El nacimiento es el más misterioso de los comienzos. En él, algo se forma, o bien a algo se le da forma, y empieza a ser. Nos hacemos preguntas: ¿Dónde comienza? ¿Quién o qué le da su forma? Y sobre todo: ¿a partir de qué? Quizás sea ya demasiado tarde para la metafísica, para defender que algo pueda crearse de la nada. Pero precisamente porque es tarde para la metafísica, porque ya no hay lugar para la nada en el mundo, por eso, tal vez, podemos comprender mejor qué significa, si significa algo, comenzar.

No hay lugar para la nada. El mundo está lleno, pesa demasiado. Paradójicamente, un mundo que no deja lugar para la nada, que se reivindica como lo único existente, al mismo tiempo va alojando un hueco, un vacío. Si es indiferente que algo comience o que algo acabe, porque nunca nada verdaderamente comienza; si todo comienzo es una repetición, entonces cada repetición es en sí misma la expresión de una nada que se hace visible en su propio repetirse. Pero esta nada abre otro orden, una oportunidad para que algo nazca. Pues todo se repite, pero las repeticiones nunca son iguales. 

Cada nacimiento es testimonio de un abismo. Nos sitúa ante la extrañeza: reconocemos con asombro que en lo que nace hay algo que regresa, que nos es devuelto. Por eso cada nacimiento ha de ser recibido, y ha de tener alguien, o algo, a su espera: lo que nace retornando nos reclama, porque viene inacabado, hasta cierto punto vacío. Pero no del todo. Necesita abrirse a la presencia, y ser acogido. Recibir un vacío. Esto, podríamos decir, es crear.

Para un mundo sin metafísica, esta idea puede ser conciliadora: no creamos desde la nada, sino con la nada. O bien: al crear hay, acaso, una cierta nada que nos crea y nos da forma, con la que moldeamos, y que a su vez nos moldea. Así puede explicarse la identidad entre el nacimiento y el retorno. Y desde lo creativo, así podríamos pensar el momento misterioso, a veces aterrador, del comienzo. Algo nace: se forma, o se transforma. Atraviesa un límite, testimonia una base desconocida, materia oscura que a la vez sostiene y constituye lo visible. Introduce en el mundo, casi sin ser notado, una porción de sombra. Martin Heidegger escribió que un niño, cuando nace, ya está maduro para morir. Lleva en él, efectivamente, la semilla para un nuevo nacimiento, para una nueva muerte.

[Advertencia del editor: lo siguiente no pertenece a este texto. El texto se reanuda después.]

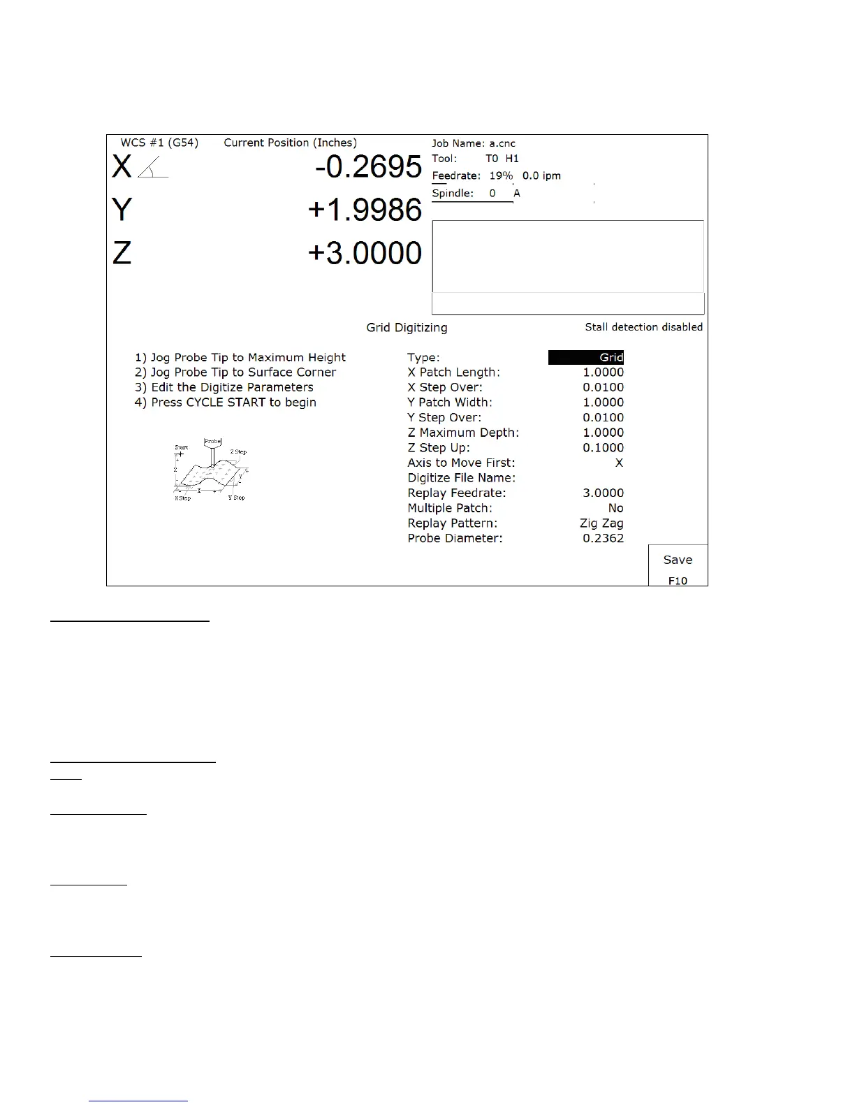 To set up a digitizing run, edit the parameters shown and then press CYCLE START. The control will move
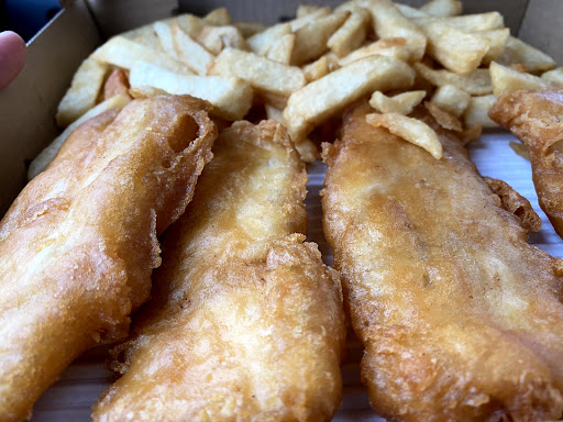 Read moreLovely fish and chips shop with reasonably priced dishes. We ordered the seafood combo with cod as well as the clam chowder bowl. Since they ran out of oysters for the seafood combo, we received a shrimp and a scallop instead. Chips were the fat kind that was crispy on the outside and soft on the inside. The coating for the fish was light and you can really taste the sweetness of the fish inside. The chowder bowl was a bit thin and would’ve enjoyed it more if there were more seafood inside, but it did come with a roll and two butter. At the end, eating this felt like it was too oily and I can really taste the oil flavour, but overall, it was good and worth a visit if you’re looking for English style fish and chips. Their takeout specials are very reasonably priced. I don’t think the eight pieces scallop and chips would be enough to fill up a person because the scallops were the size of a quarter and you’d be eating...
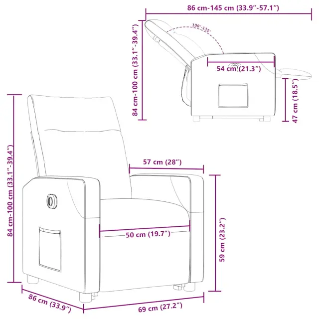 • Funkcija električnega nagiba: Ta naslanjač je opremljen tudi z električnim motorjem, ki pomaga samodejno nastaviti naslon za noge in naslonjalo za hrbet v poljuben položaj glede na vaše udobje s preprostim pritiskom na gumb na strani stola. Ta funkcija omogoča največji nagib 135 stopinj. Poleg tega se lahko naslonjalo z enostavnim pritiskom na gumb samodejno vrne na prvotno mesto.
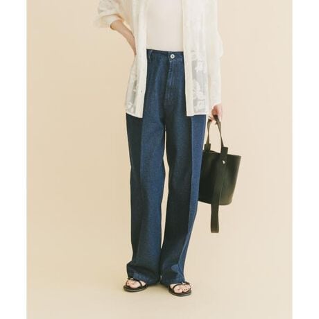 センタープレス入りで脚のラインをすっきりと見せ、スタイルアップが叶うデニムパンツ。カジュアルになりがちなデニムにきちんと感をプラスし、大人の着こなしにぴったりの一本です。ウエストは内側に調整紐を備え、見た目を損なわず快適なフィット感に。Tシャツからブラウスまで幅広く合わせやすく、オンオフ問わず活躍するアイテムです。
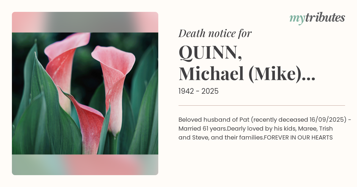 Beloved husband of Pat (recently deceased 16/09/2025) - Married 61 years.
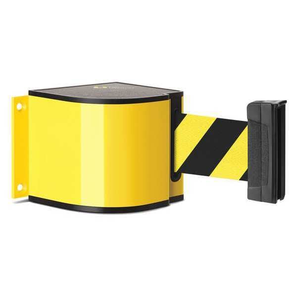 Retractable Belt Barrier, Mounting Style Wall, Belt Length 24 ft, Belt Color Black/Yellow, Belt Pattern Diagonal Stripe, Legend No Legend, Legend Color Not Applicable, Frame Color Yellow, Overall Height 3 3/8 in, Frame Finish Powder Coated, Includes 3011 Wall Receptacle, Includes Mounting Hardware Included
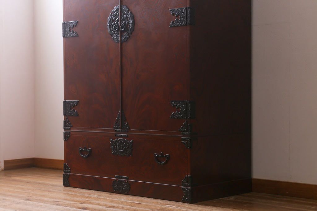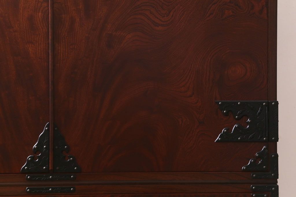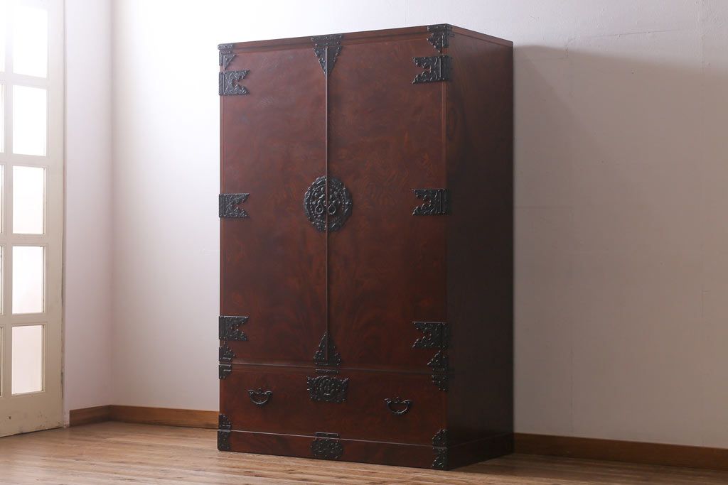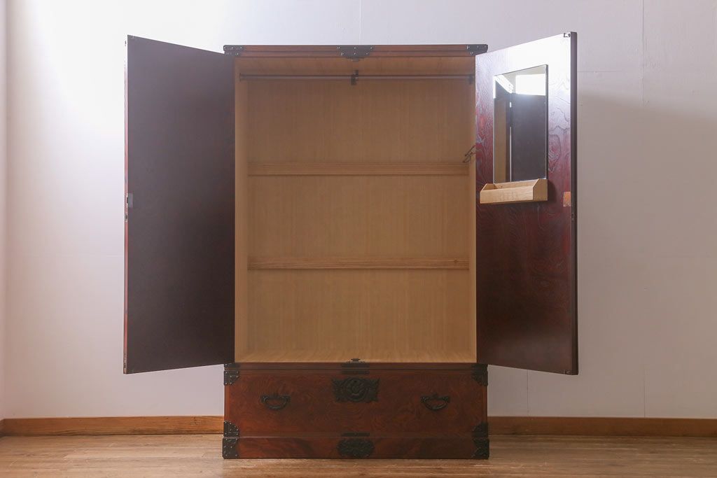 民芸家具 > 中古 伝統民芸家具 岩谷堂箪笥 漆塗り 味わい深い杢目が目を引く洋服タンス(ワードローブ)(R-041534)
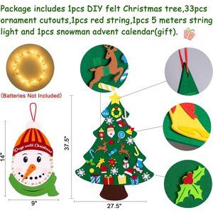 Package includes 1pcs DIY felt Christmas tree,33pcs ornament cutouts,1pcs string light,1pcs red string and 1pcs snowman advent calendar(gift).

Nos encontramos entonces en el borde, a punto de cruzar. Llevamos con nosotros, aunque no lo sabemos, un silencio: algo que hemos olvidado. Ni siquiera a partir de estas palabras, olvido, silencio, lo podemos nombrar. Nos disponemos a dar el paso. Ni completamente libres, ni completamente determinados. Apenas sin margen, como en el sendero más estrecho. Al mismo tiempo dispuestos para nacer y para asistir a lo que nace. Así nos es dado el comienzo.